Exercise> Look in the listing below for the line that has "2、您可以在我的关注中查看对方在线状态,判断对方是否在使用抖音。", then return it and each following line up to and including the one with "16], modified by", exactly and without pictures.

Given entries>
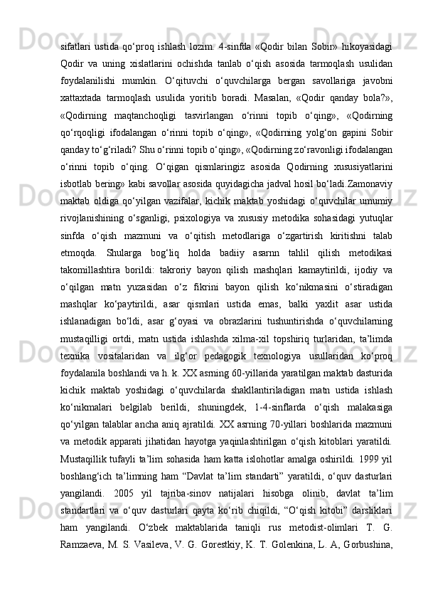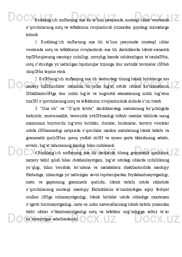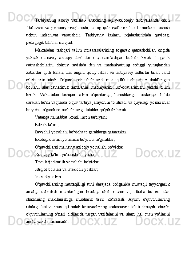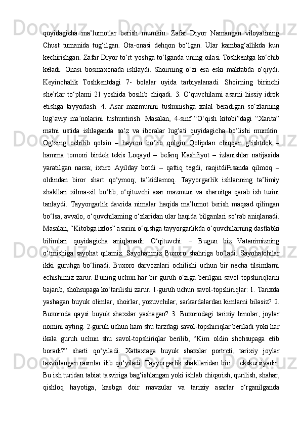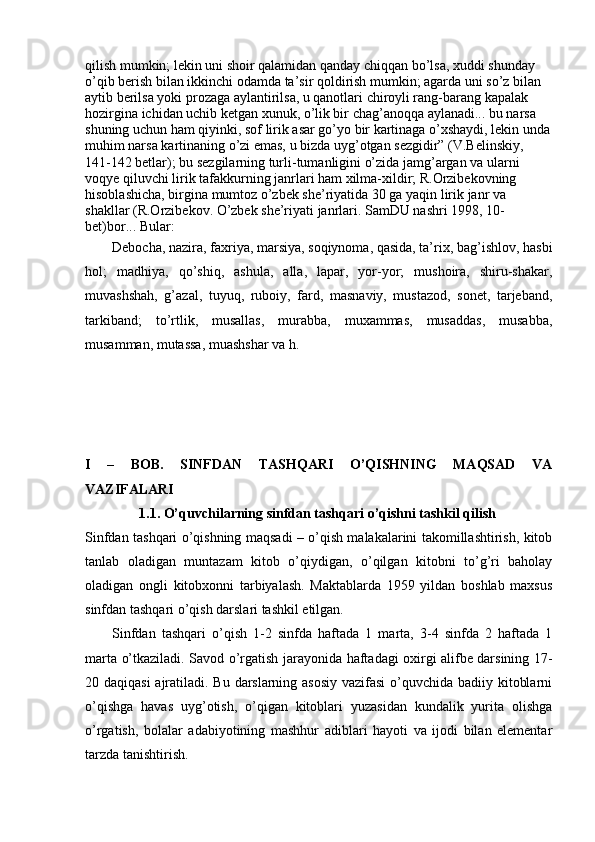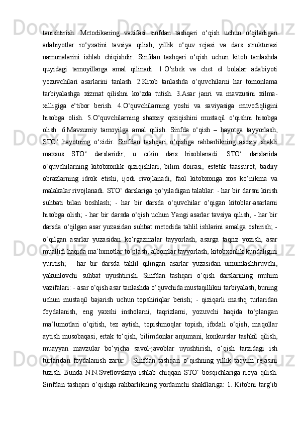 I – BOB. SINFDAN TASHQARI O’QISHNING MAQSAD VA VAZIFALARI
==
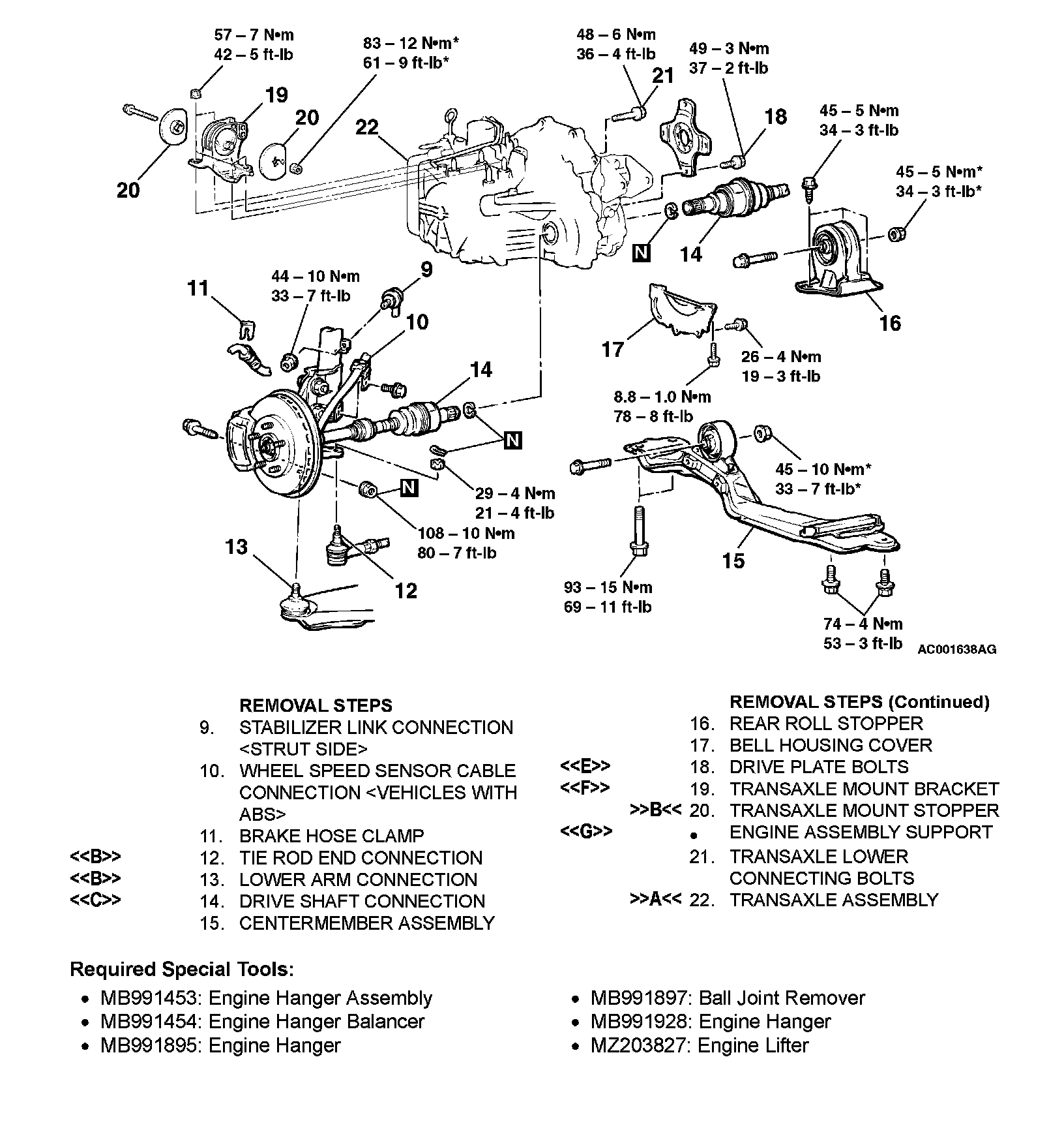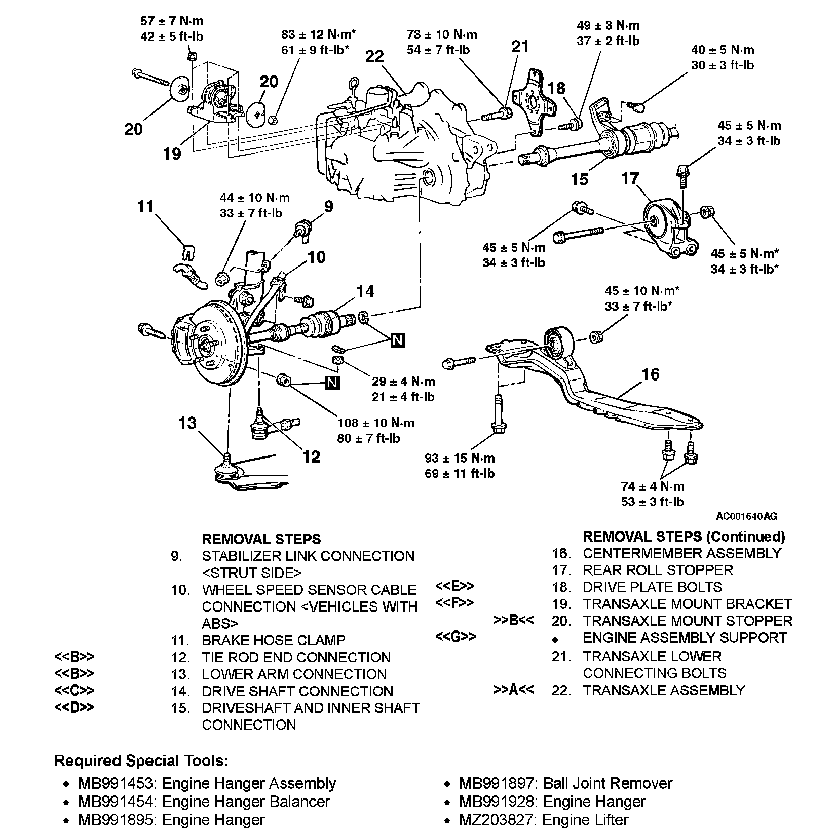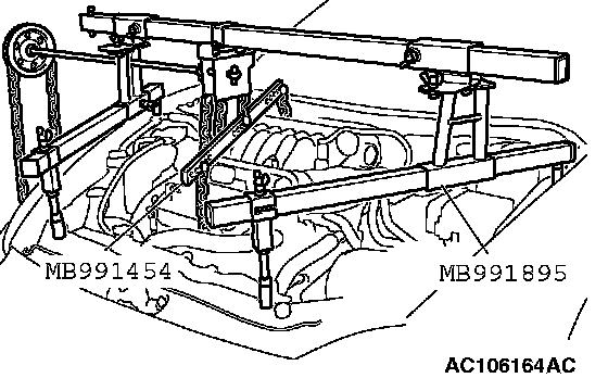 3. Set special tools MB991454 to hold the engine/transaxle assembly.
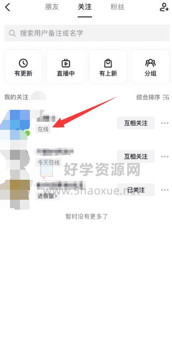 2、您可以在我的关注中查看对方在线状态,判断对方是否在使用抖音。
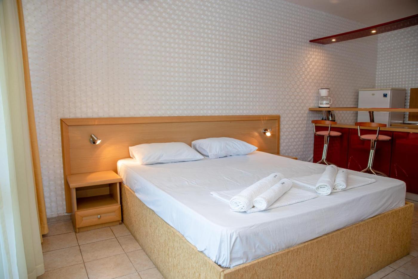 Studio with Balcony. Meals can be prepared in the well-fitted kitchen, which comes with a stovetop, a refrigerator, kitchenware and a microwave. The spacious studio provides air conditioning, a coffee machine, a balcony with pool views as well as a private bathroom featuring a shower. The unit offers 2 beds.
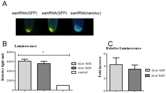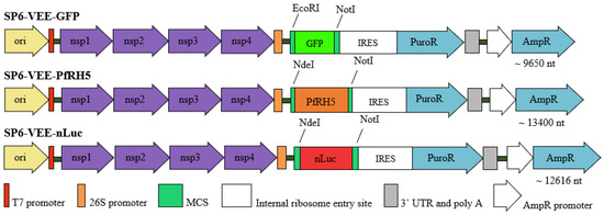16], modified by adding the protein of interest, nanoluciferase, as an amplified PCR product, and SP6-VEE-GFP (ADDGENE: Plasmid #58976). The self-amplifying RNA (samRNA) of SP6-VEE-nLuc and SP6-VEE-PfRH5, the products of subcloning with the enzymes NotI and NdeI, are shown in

Response area>
 2、您可以在我的关注中查看对方在线状态,判断对方是否在使用抖音。
 Studio with Balcony. Meals can be prepared in the well-fitted kitchen, which comes with a stovetop, a refrigerator, kitchenware and a microwave. The spacious studio provides air conditioning, a coffee machine, a balcony with pool views as well as a private bathroom featuring a shower. The unit offers 2 beds.
16], modified by adding the protein of interest, nanoluciferase, as an amplified PCR product, and SP6-VEE-GFP (ADDGENE: Plasmid #58976). The self-amplifying RNA (samRNA) of SP6-VEE-nLuc and SP6-VEE-PfRH5, the products of subcloning with the enzymes NotI and NdeI, are shown in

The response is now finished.